AMOS, Qc — À l’instar du chef caquiste François Legault, Jean-François Lisée estime lui aussi que la réglementation concernant les milieux humides pourrait être assouplie pour faciliter la vie des citoyens des régions, comme celle de l’Abitibi-Témiscamingue.

M. Lisée, qui était accompagné du doyen de l’Assemblée nationale François Gendron, a expliqué lors de son passage à Amos, mardi après-midi, qu’il souhaiterait changer les règlements et l’application «rigide» de ceux-ci lorsqu’il est question des milieux humides.

Actuellement, ceux qui souhaitent construire sur ces terres doivent offrir une compensation au gouvernement. Les municipalités de l’Abitibi dénoncent la définition de ce que le ministère entend par milieu humide, ainsi que le calcul effectué pour déterminer la montant à verser.

En mars 2018, la Conférence des préfets de l’Abitibi-Témiscamingue réclamait une modulation des compensations, ainsi qu’une exemption des périmètres urbains pour la région.

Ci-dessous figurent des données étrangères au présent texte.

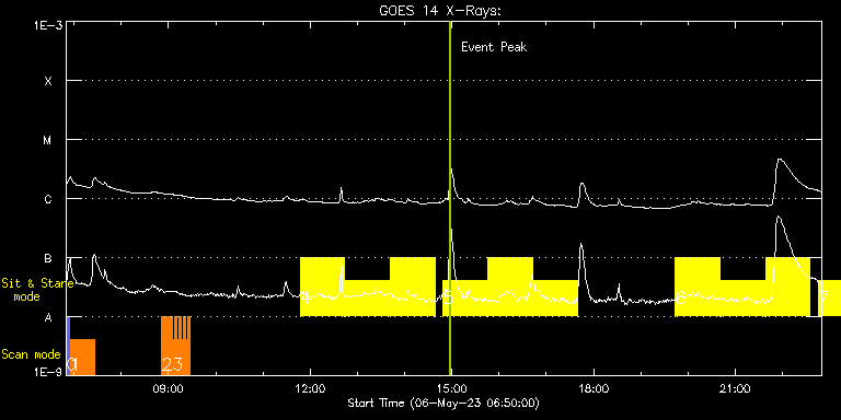 EIS Observation timeline overlay to GOES-Xray curve Code 1" 2" 40" 266" EIS Observations list for this event: STUDY ACRONYM ID DATE OBSERVED DESCRIPTION NOAA# TARGET 0 PRY_slot_context_v4 | 86148 | 2023/05/06 06:50:26 | Major flare watch | 3293 | Active Region TIMELINE ID DATE OBSERVED FITS FILE XCEN (+W/-E) YCEN (+N/-S) DUR ----------------------------------------------------------------------------------------------------------------- 86148 | 2023/05/06 06:50:26.000 | eis_l0_20230506_065026.fits.gz | -106.34 | 85.75 | 4m11s 1 Atlas_30 | 86149 | 2023/05/06 06:55:03 | Major flare watch - spectral atlas | 3296 | Quiet Sun TIMELINE ID DATE OBSERVED FITS FILE XCEN (+W/-E) YCEN (+N/-S) DUR ----------------------------------------------------------------------------------------------------------------- 86149 | 2023/05/06 06:55:03.000 | eis_l0_20230506_065503.fits.gz | -105.88 | 249.51 | 31m39s 2 HH_AR+FLR_RAS_N03 | 86120 | 2023/05/06 08:51:39 | HOP 401 - dynamics of flux cancellatio | 3296 | Active Region TIMELINE ID DATE OBSERVED FITS FILE XCEN (+W/-E) YCEN (+N/-S) DUR ----------------------------------------------------------------------------------------------------------------- 86120 | 2023/05/06 08:51:39.000 | eis_l0_20230506_085139.fits.gz | -87.33 | 219.44 | 13m18s 3 HH_Flare_60x152f | 86121 | 2023/05/06 09:05:01 | HOP 401 - dynamics of flux cancellatio | 3296 | Flare TIMELINE ID DATE OBSERVED FITS FILE XCEN (+W/-E) YCEN (+N/-S) DUR ----------------------------------------------------------------------------------------------------------------- 86121 | 2023/05/06 09:05:01.000 | eis_l0_20230506_090501.fits.gz | -88.64 | 263.59 | 2m49s 86121 | 2023/05/06 09:07:53.000 | eis_l0_20230506_090753.fits.gz | -88.18 | 263.52 | 2m48s 86121 | 2023/05/06 09:10:43.000 | eis_l0_20230506_091043.fits.gz | -87.72 | 263.52 | 2m48s 86121 | 2023/05/06 09:13:34.000 | eis_l0_20230506_091334.fits.gz | -87.33 | 263.52 | 2m48s 86121 | 2023/05/06 09:16:25.000 | eis_l0_20230506_091625.fits.gz | -86.87 | 263.44 | 2m48s 86121 | 2023/05/06 09:19:16.000 | eis_l0_20230506_091916.fits.gz | -86.40 | 263.36 | 2m47s 86121 | 2023/05/06 09:22:06.000 | eis_l0_20230506_092206.fits.gz | -86.02 | 263.36 | 2m47s 86121 | 2023/05/06 09:24:56.000 | eis_l0_20230506_092456.fits.gz | -85.55 | 263.44 | 2m47s 4 Flare266_Hunter01 | 86166 | 2023/05/06 11:47:33 | Flare watch | 3297 | Flare TIMELINE ID DATE OBSERVED FITS FILE XCEN (+W/-E) YCEN (+N/-S) DUR ----------------------------------------------------------------------------------------------------------------- 86166 | 2023/05/06 11:47:33.000 | eis_l0_20230506_114733.fits.gz | -256.70 | 210.96 | 56m23s 86166 | 2023/05/06 12:44:48.000 | eis_l0_20230506_124448.fits.gz | -248.59 | 210.89 | 56m22s 86166 | 2023/05/06 13:42:02.000 | eis_l0_20230506_134202.fits.gz | -240.32 | 210.89 | 56m23s 5 Flare266_Hunter01 | 86199 | 2023/05/06 14:48:40 | Flare watch | 3296 | Flare TIMELINE ID DATE OBSERVED FITS FILE XCEN (+W/-E) YCEN (+N/-S) DUR ----------------------------------------------------------------------------------------------------------------- 86199 | 2023/05/06 14:48:40.000 | eis_l0_20230506_144840.fits.gz | -230.74 | 211.12 | 56m23s 86199 | 2023/05/06 15:45:55.000 | eis_l0_20230506_154555.fits.gz | -222.55 | 211.04 | 56m22s 86199 | 2023/05/06 16:43:09.000 | eis_l0_20230506_164309.fits.gz | -214.37 | 211.27 | 56m23s 6 Flare266_Hunter01 | 86200 | 2023/05/06 19:44:13 | Flare watch | 3296 | Flare TIMELINE ID DATE OBSERVED FITS FILE XCEN (+W/-E) YCEN (+N/-S) DUR ----------------------------------------------------------------------------------------------------------------- 86200 | 2023/05/06 19:44:13.000 | eis_l0_20230506_194413.fits.gz | -188.18 | 211.50 | 56m22s 86200 | 2023/05/06 20:41:27.000 | eis_l0_20230506_204127.fits.gz | -179.84 | 211.27 | 56m23s 86200 | 2023/05/06 21:38:42.000 | eis_l0_20230506_213842.fits.gz | -171.49 | 211.43 | 56m22s 7 Flare266_Hunter01 | 86201 | 2023/05/06 22:45:13 | Flare watch | 3296 | Flare TIMELINE ID DATE OBSERVED FITS FILE XCEN (+W/-E) YCEN (+N/-S) DUR ----------------------------------------------------------------------------------------------------------------- 86201 | 2023/05/06 22:45:13.000 | eis_l0_20230506_224513.fits.gz | -161.84 | 211.35 | 56m22s 86201 | 2023/05/06 23:42:27.000 | eis_l0_20230506_234227.fits.gz | -153.50 | 211.35 | 56m23s 86201 | 2023/05/07 00:39:42.000 | eis_l0_20230507_003942.fits.gz | -145.08 | 211.43 | 56m22s : Check study information : Download file : View thumbnails For this event, also check for:

«C’est fou raide!», a laissé tomber M. Gendron.

«Sur la terre familiale, chez nous, il y a un petit morceau de terre noire, il est dans les milieux humides avec la réglementation d’aujourd’hui. C’est une propriété privée», a-t-il ajouté.

Selon le député sortant, ces milieux sur les terres privées «n’ont pas de valeur écologique».

La veille, François Legault était lui aussi en Abitibi, à Val-d’Or, où il a formulé des commentaires similaires.

«Est-ce que les règlements manquent de bon sens quand il s’agit des milieux humides? Actuellement, tout le monde m’en parle dans à peu près toutes les villes au Québec», a indiqué le chef Legault.

«Donc il y a peut-être des ajustements à faire du côté des milieux humides», a-t-il conclu.

«Tant mieux» si M. Legault est d’accord, a indiqué le chef péquiste, qui n’a pas hésité à élargir le débat sur le zonage agricole pour attaquer son adversaire.

«C’est clair que la CAQ, c’est le parti du dézonage», a-t-il lancé.

M. Lisée faisait référence à une entrevue que son opposant a accordée à un hebdomadaire de la région de Bellechasse, «La voix du sud», dans laquelle il disait vouloir «raisonner» la Commission de protection du territoire agricole du Québec (CPTAQ) pour qu’elle agrandisse le périmètre urbain.

«Cela prend du leadership au gouvernement pour entamer des discussions avec l’UPA, afin d’amener cette dernière organisation à raisonner la CPTAQ et les amener à changer leur position. Il faut se diriger davantage vers l’industriel, afin de créer encore plus d’emplois de qualité, tout en protégeant nos terres agricoles», a déclaré M. Legault.